Minggu, Mei 09, 2010

Big Job Cuts Mean Short-Term Gain, Long-Term Pain for Shareholders

Big Job Cuts Mean Short-Term Gain, Long-Term Pain for Shareholders, Study Finds

Posted May 05, 2010 02:47pm EDT by Heesun Wee in Investing, Recession

New research from the Univ. of Colorado, Denver shows major job cuts don't guarantee prosperity down the line but, in fact, lead to lower profits and stock returns.

"Those who cut deepest, relative to industry peers, delivered smaller profits and weaker stock returns for as long as nine years after a recession," theWSJ reports, citing a study by Univ. of Colorado business professor Wayne Cascio. He studied how companies in the Standard & Poor's 500-stock index have performed during and after recessions over an 18 year period.

Why?

Turns out firms that cut aggressively aren't prepared to ramp up quickly once the recovery begins. In contrast, peer firms that cautiously trimmed are well-staffed to take advantage of a swift shift in momentum. "You can't shrink your way into prosperity," says Cascio in the article.

This study is interesting fodder, when American unemployment hovers at 9.7 percent, and firms had cut aggressively and more quickly than during previous recessions. (Wednesday morning: The private sector added jobs in April -- marking the first gains since 2008, according to the ADP report. The market now will focus on the government's monthly jobs report due Friday.)

Wall Street's short-term, quarter mentality

As Aaron and Henry discuss in the accompanying segment, the high expectation of posting consistent quarterly profit growth has made too many managers short-sighted. They're quick to slash jobs to make quarterly numbers and appease shareholders, when most businesses indeed are cyclical with ebbs and flows of growth and lean periods.

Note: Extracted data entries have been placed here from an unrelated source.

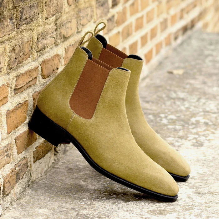 These Chelsea boots with a chisel toe are made by hand from a flexible mustard suede.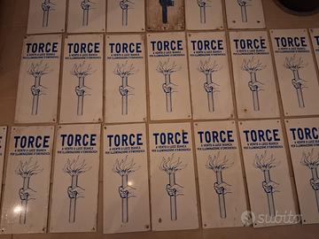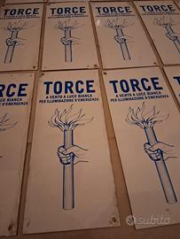 Cartello d'epoca " torce a vento a luce bianca per illuminazione d'emergenza ", in lamiera, misura 15 x 35, prezzo 10 euro cadauno. Cartello, targa, tabella, insegna, vintage, industrial design.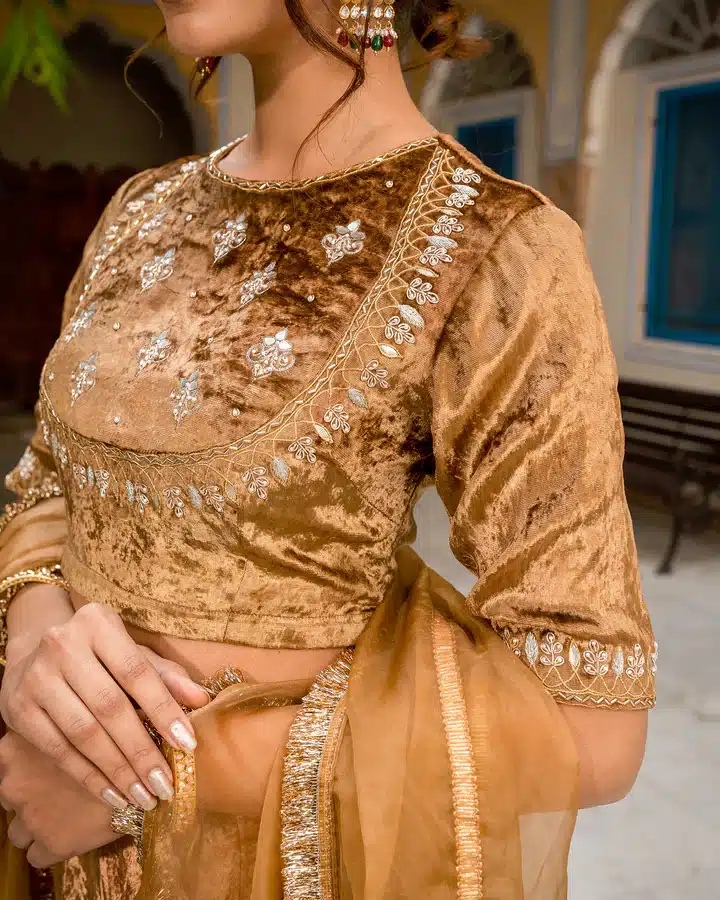 Umber Kalidaar Lehenga Set, a true embodiment of timeless elegance and royal grace. This exquisite ensemble promises to elevate your style to new heights, exuding opulence and sophistication with every step you take.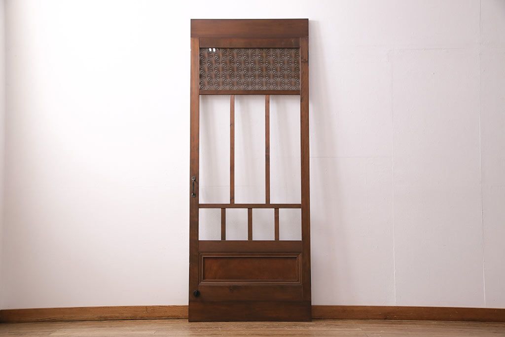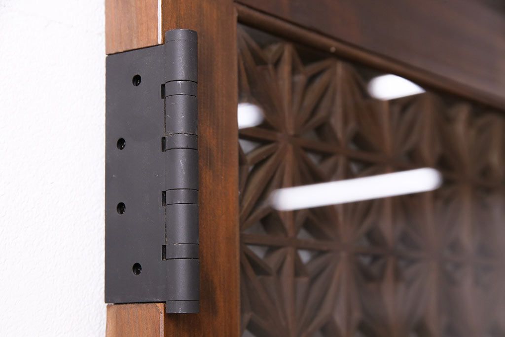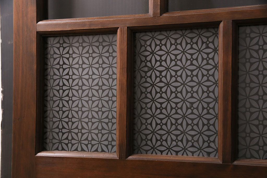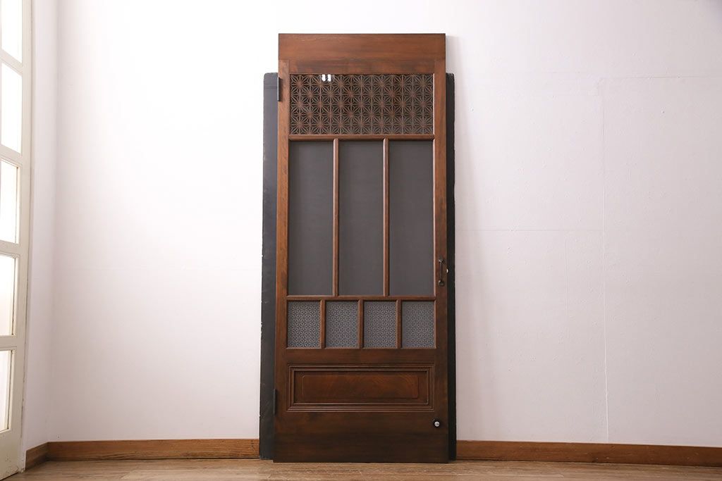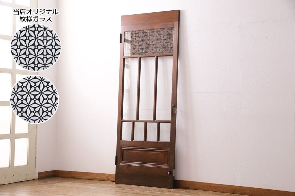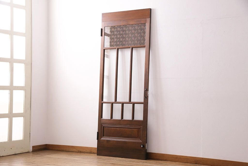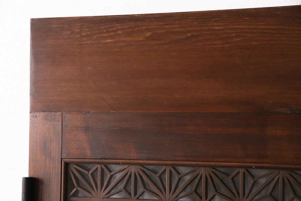 組子細工入り木製ドアをリペア&カスタム!設置場所に合わせてリサイズ。鍵、取っ手、蝶番、ローラー締りを取り付け。クリアガラス、花菱模様ガラス、変わり花菱模様ガラスを組み入れ。当店商品を参考に着色し仕上げ。(玄関ドア、建具)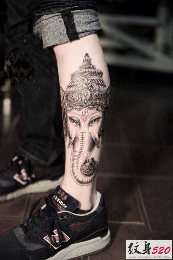 腿部经典传统象神纹身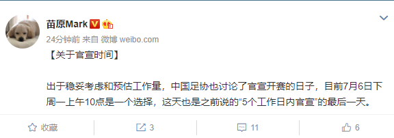 看球吧7月1日讯 今日,记者苗原发微博称足协将在7月6日官宣中超开赛。但在1小时后,足协官方就发布了中超开赛的公告。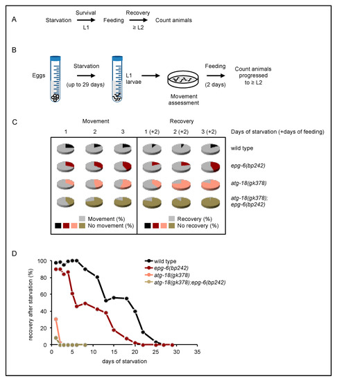 When C. elegans eggs hatch in the absence of food, L1 larvae enter an arrested stage, which wild-type larvae survive for up to three weeks and upon re-feeding they recover and develop further [21]. As proper autophagic activity is required for the survival of this starvation period [11,21,29], we aimed to further investigate the physiological roles of ATG-18 and EPG-6 in C. elegans by measuring the survival and recovery of L1 larvae upon starvation. (Figure 7). Following synchronization, L1 larvae (atg-18(gk378), epg-6(bp242), and atg-18(gk378);epg-6(bp242)) were continuously starved over a period between 1 to 29 days and their survival was assessed by counting larvae that recovered from starvation and progressed through larval stage L2 in the presence of food (Figure 7A,B).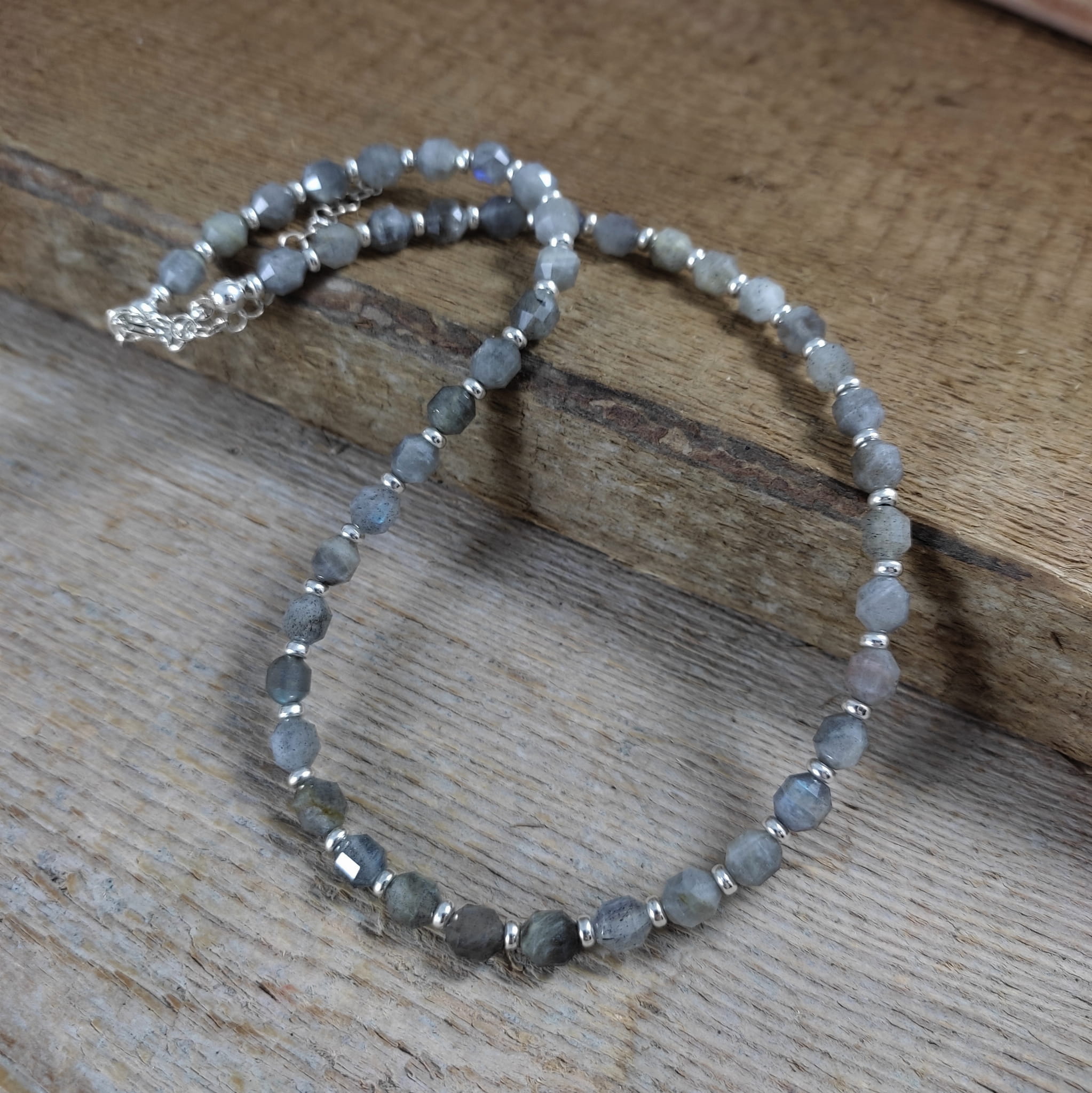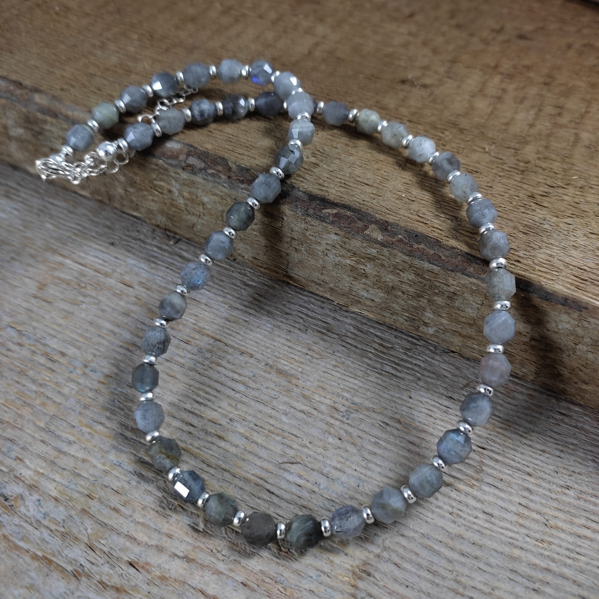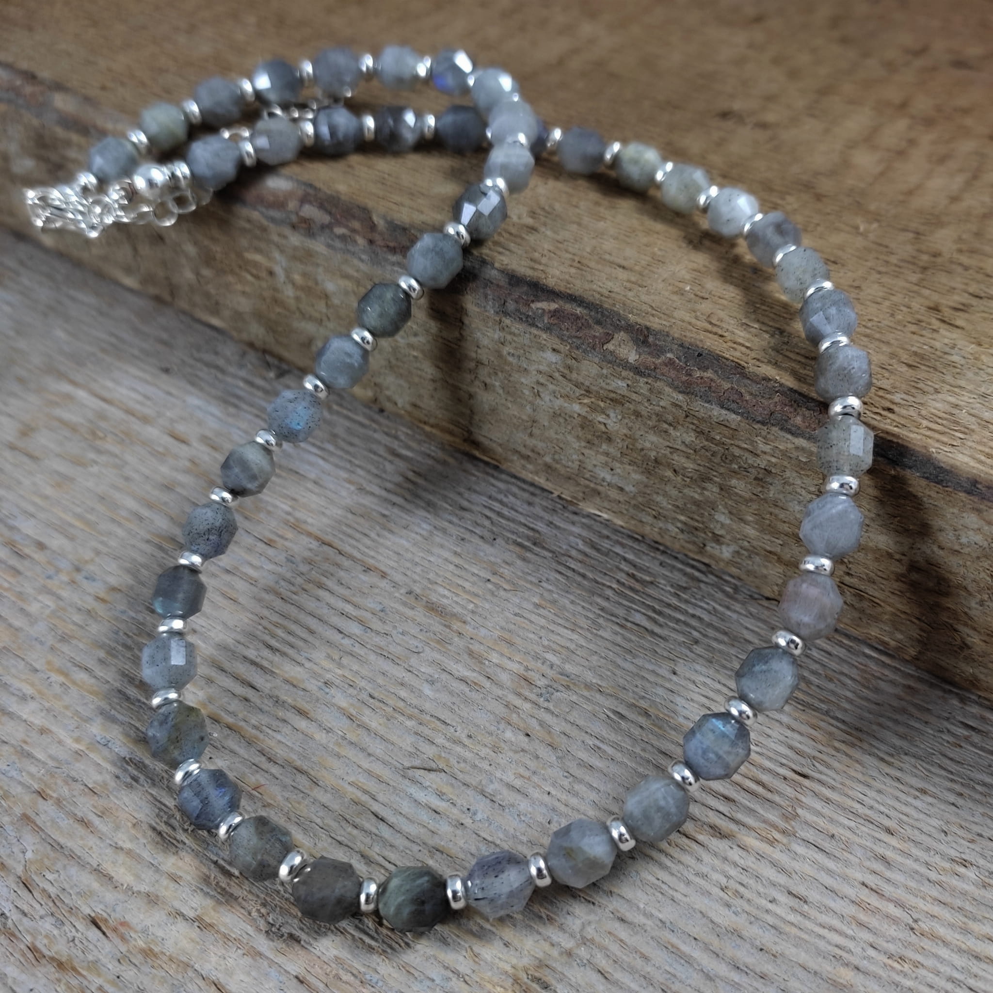 Naszyjnik wykonany z fasetowanych bryłek labradorytu ok. 5,5/6,5 mm. Całość wykończona w srebrze 925. Długość naszyjnika wynosi ok. 38 cm, plus łańcuszek regulacyjny 5 cm. Elegancko zapakowany. Kamienie posiadają delikatne niedoskonałości.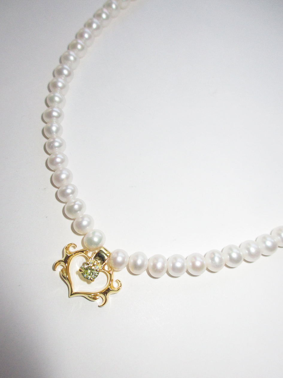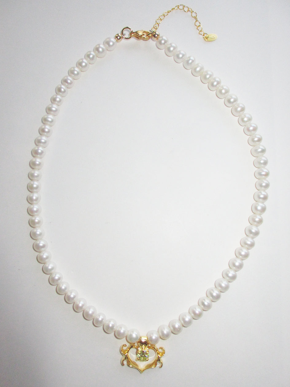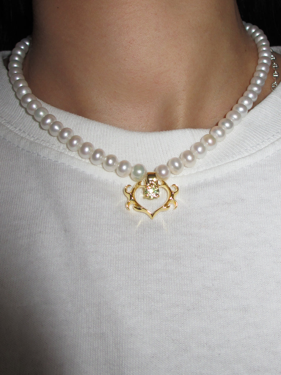 THE MINI SELMA HEART PEARL CHOKER features a miniature version of the original SELMA HEART pendant. Crafted from 925 sterling silver with a green cubic zirconia on white freshwater pearls, this one-of-a-kind piece is a timeless piece you'll have forever.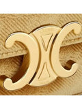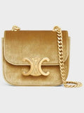 CELINE Mini Chain Claude Velvet Triomphe All-Over Cross Bag Gold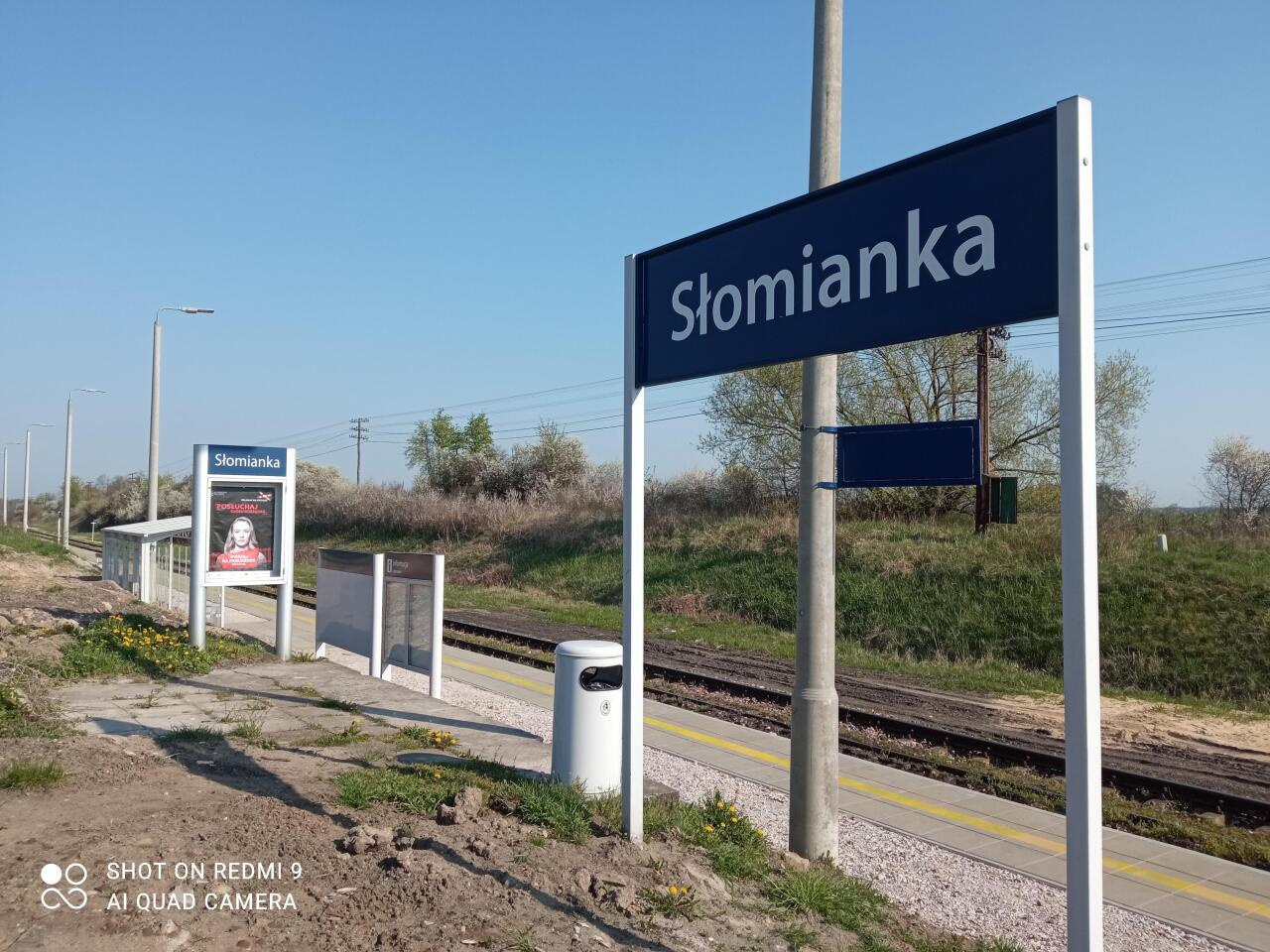 W Słomiance była stacja kolejowa, podobna do tej istniejącej w Szadkowicach. Stacja kolejowa usytuowana była powyżej widocznej dzisiaj wiaty. Na stacji funkcjonowała kasa biletowa, duża poczekalnia oraz pomieszczenia służbowe dla kolejarzy. Stacja posiadała także piwnice w który składowany był węgiel, drzewo , jak także wyposażenie techniczne dla brygady napraw kolejowych. Stacja z racji swego usytuowania była widoczna z daleka. Stacja została rozebrana w roku 1987-88. Do stacji przynależały dwie budki kolejowe , na tak zwanej mijance, nadmienić tutaj należy , że stacja z uwagi , iż posiadała dwa tory gwarantowała mijanie się pociągów. Pierwsza budka była usytuowana w kierunku Tomaszowa w miejscowości Antoniówka , natomiast druga w kierunku Opoczna za Gawronami.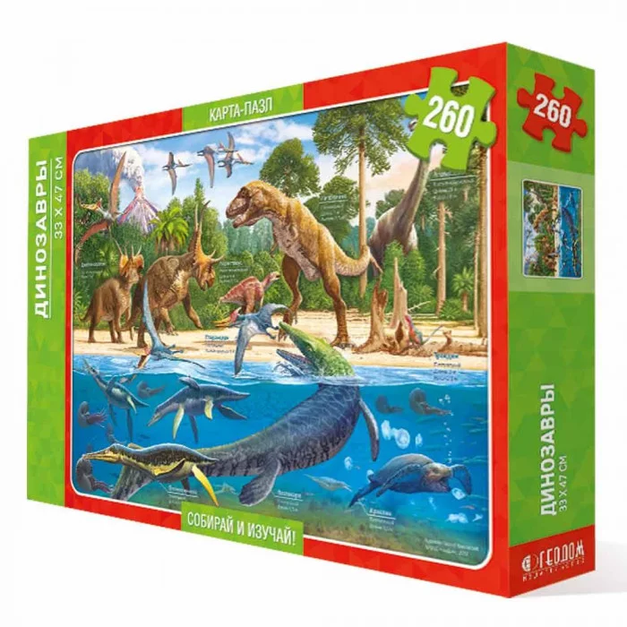 Карта-пазл «Динозавры» состоит из 260 деталей, которые выполнены из высококачественного картона.На пазле представлена реконструкция древних ящеров и их среды обитания, выполненная художником с палеонтологической точностью. Собирая игру-головоломку, Ваш малыш узнает много нового об этих удивительных существах.В процессе игры благодаря деталям разнообразной формы ребенок развивает мелкую моторику, усидчивость, логику и мышление, воображение и способность анализировать.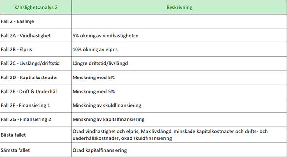 Vindkraftspark/utformning 2 har en högre navhöjd, 150 m i stället för 100 m, och får då en högre medelvind på 8,2 m/s vilket också ger en högre elproduktion. Beräkningen av inkomster och utgifter visar att vindkraftsparken har möjlighet att bli lönsam.

While deep jobs cuts appear to have helped firms including Ford, others are struggling including Sprint, as explored in the WSJ article. Click herefor a closer look at the companies studied.

The classic children's tale of the ant and the grasshopper applies here. In the fable, the grasshopper is rebuked for idleness during the warm months as industrious ants prepare for the cold, offering a moral lesson about hard work and preparation.

It's a lesson familiar to some business leaders including Apple's Steve Jobs and JPMorgan's Jamie Dimon. Jobs has said too steep cuts hurt the company. And Dimon famously said, "As president of a company, [I]prepare for the worst and hope for the best."